The Irish exploration company's plans to develop the oil with partners Total and China National Offshore Oil Corporation (CNOOC), has been held back by a tax dispute with the Uganda government following its $1.5b purchase of Heritage Oil's assets Last month Tullow announced it was postponing first oil in Uganda from the end of this year to 2012 largely because of the tax dispute.
With first oil so close, Glover said there is need for oil pipelines, new roads, an airport in the Albertine rift and other relevant infrastructure if the oil story is to be successful in Uganda. He called for co-operation among the EAC member states to be able to develop infrastructure that the young sector needs.

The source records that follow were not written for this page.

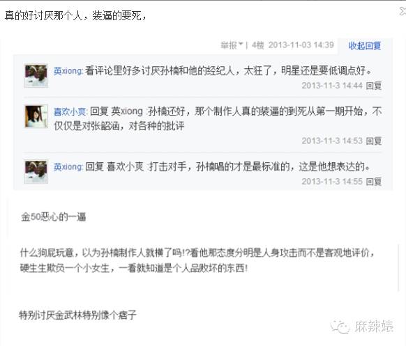 早在《我是歌手》之前,孙楠就参加过音乐类综艺比赛《全能星战》。当时,孙楠被黑就是因为他和他的音乐制作人金武林态度不好,尤其金武林在《全能星战》中狂拽酷炫屌炸天,甚至嚣张暗示大众评委给分,更骂哭张韶涵!
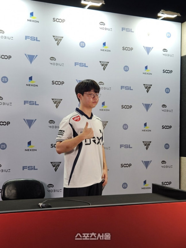 DRX ‘찬’ 박찬화가 14일 서울 잠실DN콜로세움에서 열린 2025 FSL 서머 16강 승리 후 취재진 인터뷰에 응하고 있다. 잠실 | 강윤식 기자 [email protected] |
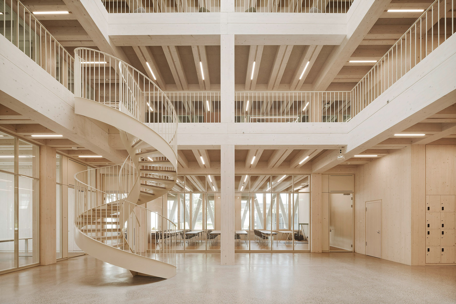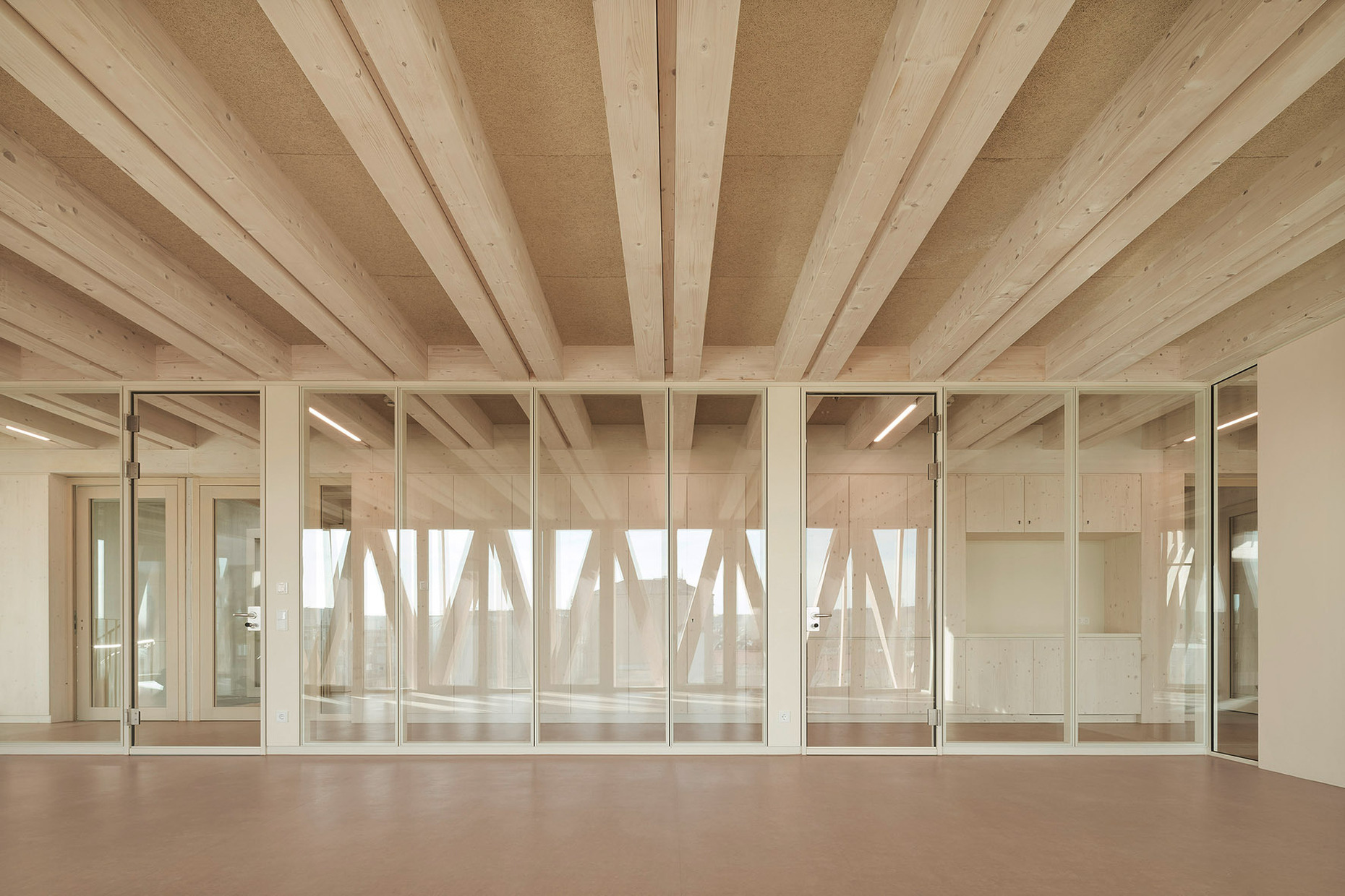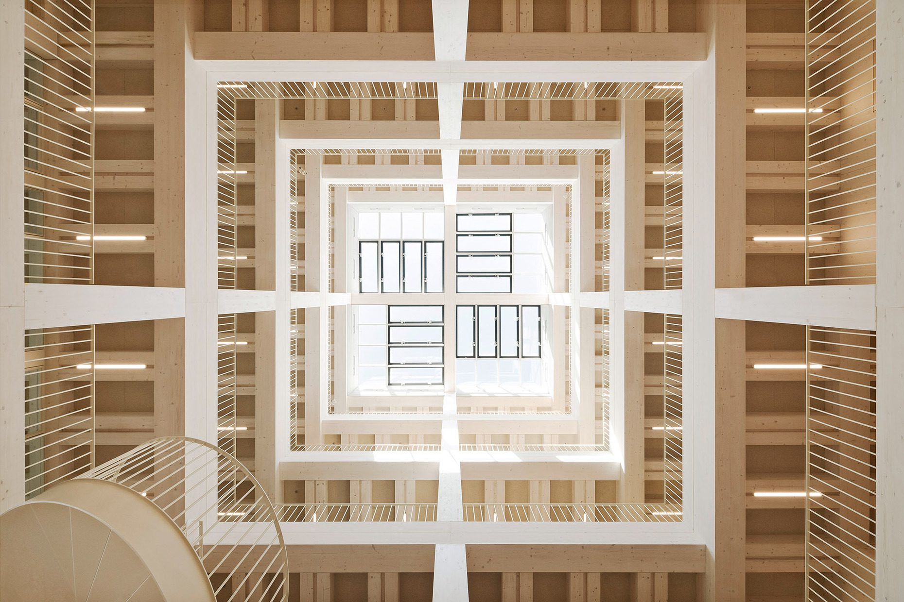 After the entrance area, a beautiful space opens up that extends through the house on all five floors up to the roof, where it is crowned by a glass lantern that brings daylight down to the ground floor and the walkways that surround the air space on each floor. A great space. Here you can experience the full quality of contemporary timber construction. The components are neatly and naturally joined according to their structural logic, and a spiral staircase connects the ground floor with the first floor. Both this small staircase sculpture and the metal balustrades of the walkways are painted in a beige that comes surprisingly close to the colour of the glazed wood.
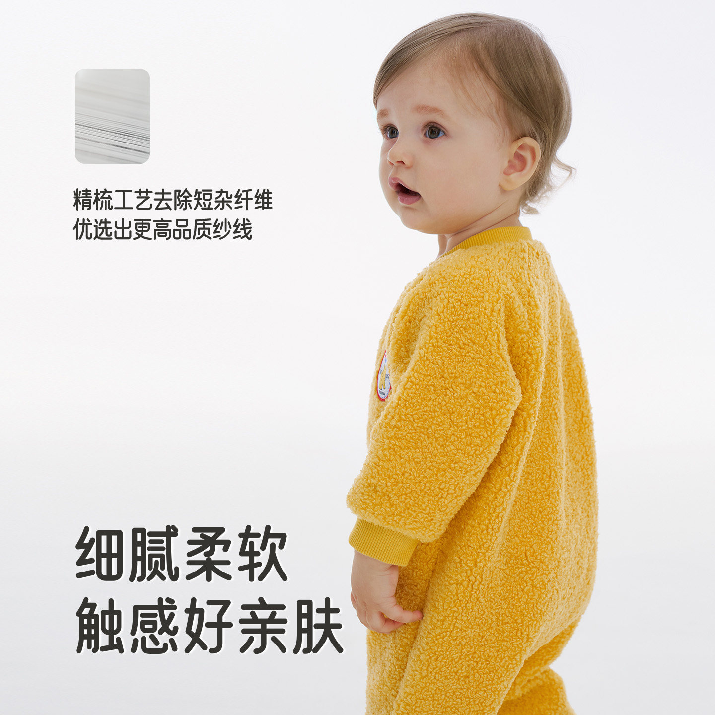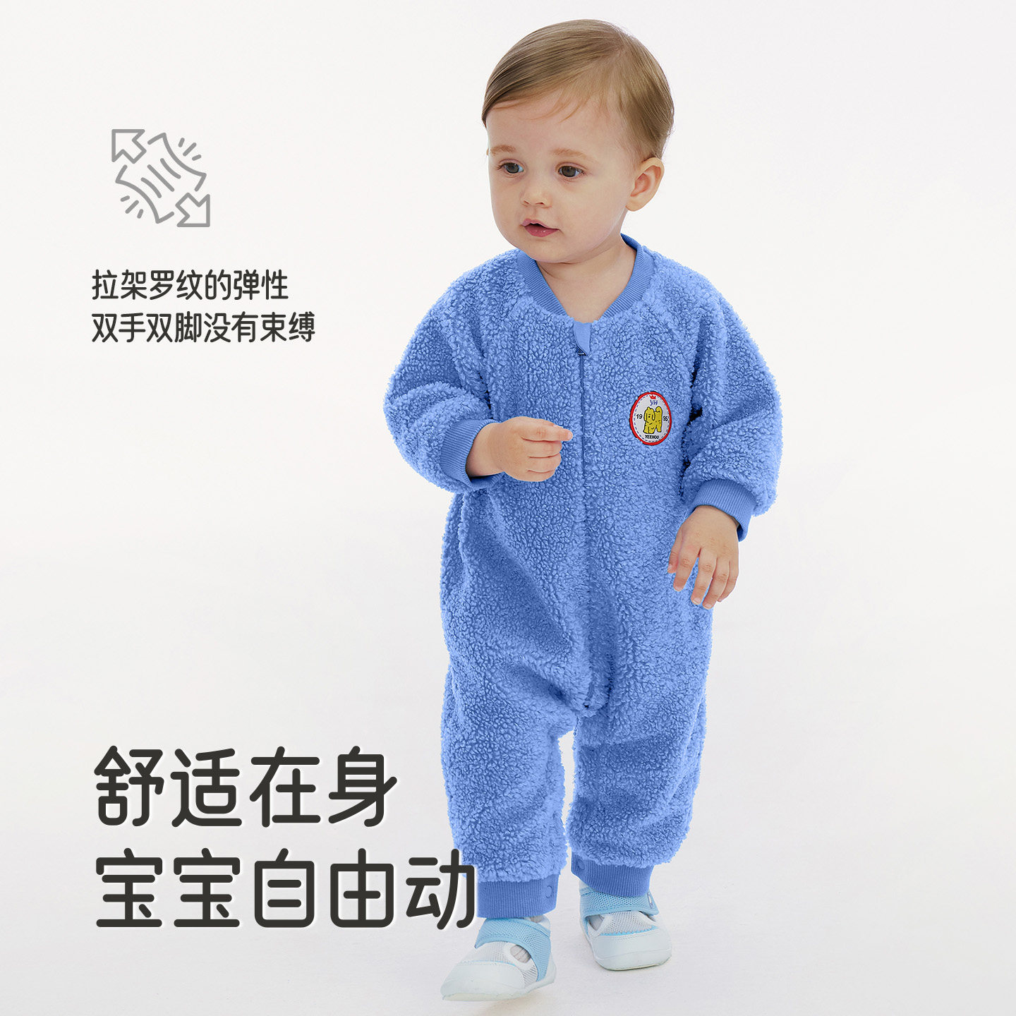 婧麒婴儿衣服秋冬德绒连体衣男女宝宝发热保暖新生儿打底睡衣冬款
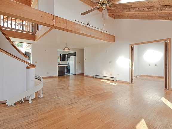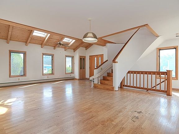 Welcome to 55 Howard St.- Not your everyday home! Want something different this is the house. One owner, customer built. Needs some updates. Bright open first floor with oversized living room, all glass dining area that open up to a composite deck. 80's modern kitchen that could uses some updates. First floor also has an office, study & full bath. Upstairs is all main bedroom area with balcony deck, main bath and large walk in closet. Floors upstairs are plywood and both baths need updating. Full basement. Yard has a shed and had a garden. Home has central air.

He said for now, Uganda is the only country that has discovered commercial oil reserves, but believes the other countries prospecting for oil will join Uganda. Glover said EAC governments need to make strategic alignments to build infrastructure like a refinery or upgrade one like would be the case with the Mombasa refinery. He said the Mombasa port is one key infrastructure that needs a co-operative arrangement to serve the oil and gas sector.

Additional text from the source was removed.